The rest of the family are interesting less in their characters as in their thematic function. Gooper (Jack Carson) and Mae (Madeleine Sherwood) are on the surface the perfect mirror image to Brick and Maggie in terms of their upper-class nuclear family image (though their children are brats), but Big Daddy doesn't care nearly as much for their perfections as he does for Brick's inadequacies. They still have to work for his attention. Mae in particular is rather cutthroat and vicious to Maggie, scheming to have her and Brick excised from the will and the family cotton fortune -something that is also laced with some revealing commentary on what exactly this family's legacy is and the warped nature of Big Daddy's preoccupation with it. Big Mama, played by an often scandalized Judith Anderson, is caught in the middle of a power play between two daughters-in-law -ultimately forced into assertiveness.
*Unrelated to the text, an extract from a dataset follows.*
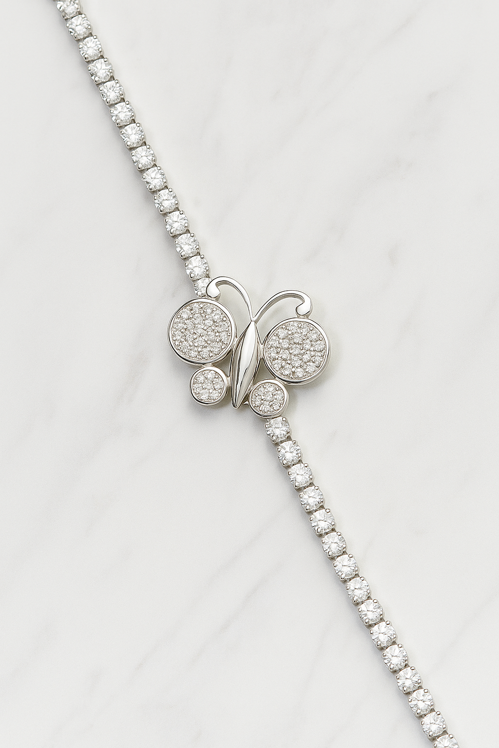 Elegant Butterfly Tennis Bracelet – Silver-Tone with Cubic Zirconia Stones

It is still the less interesting drama though, and the matter of Brick's potential homosexuality factoring into it is missed and leaves it rather tame and a bit too like a soap opera. The reckoning between Brick and Big Daddy carries more tangible heft and finds an equilibrium in the end that has different connotations here than in the play. Maggie's birthday present to Big Daddy is a symbolic catharsis for him -the announcement she is pregnant- much as Brick knows it is not true. And the movie ends with them readying to make it true for Big Daddy, which is equated with an implied new leaf for Brick and reconciliation for their marriage. The gay reading though makes it out as a depressing adherence to social sexual norms. And it is in fact hard not to see it in that light.
Williams's gift for drama is on full display in this movie even if some of the factors that really made the original Cat on a Hot Tin Roof work and resonate have been cut down. It is not by any means as strong as something like A Streetcar Named Desire, much as it endeavours to exist in a similar space. Its' cast and some of Brooks's direction carry the movie and make it an enjoyable watch, while those themes of homophobia manage to come across in subtextual ways that are quite interesting. And its colours and designs are very rich. It's little wonder the movie did big things for both Taylor and Newman's careers regardless of its reception with Williams himself (and despite his own reservations, Newman would team up with Brooks again four years later for another Williams adaptation, Sweet Bird of Youth). It earns at least some of its praise and notoriety, especially as a bellwether of Hollywood's evolution around sex. You just with it were merely a little more evolved.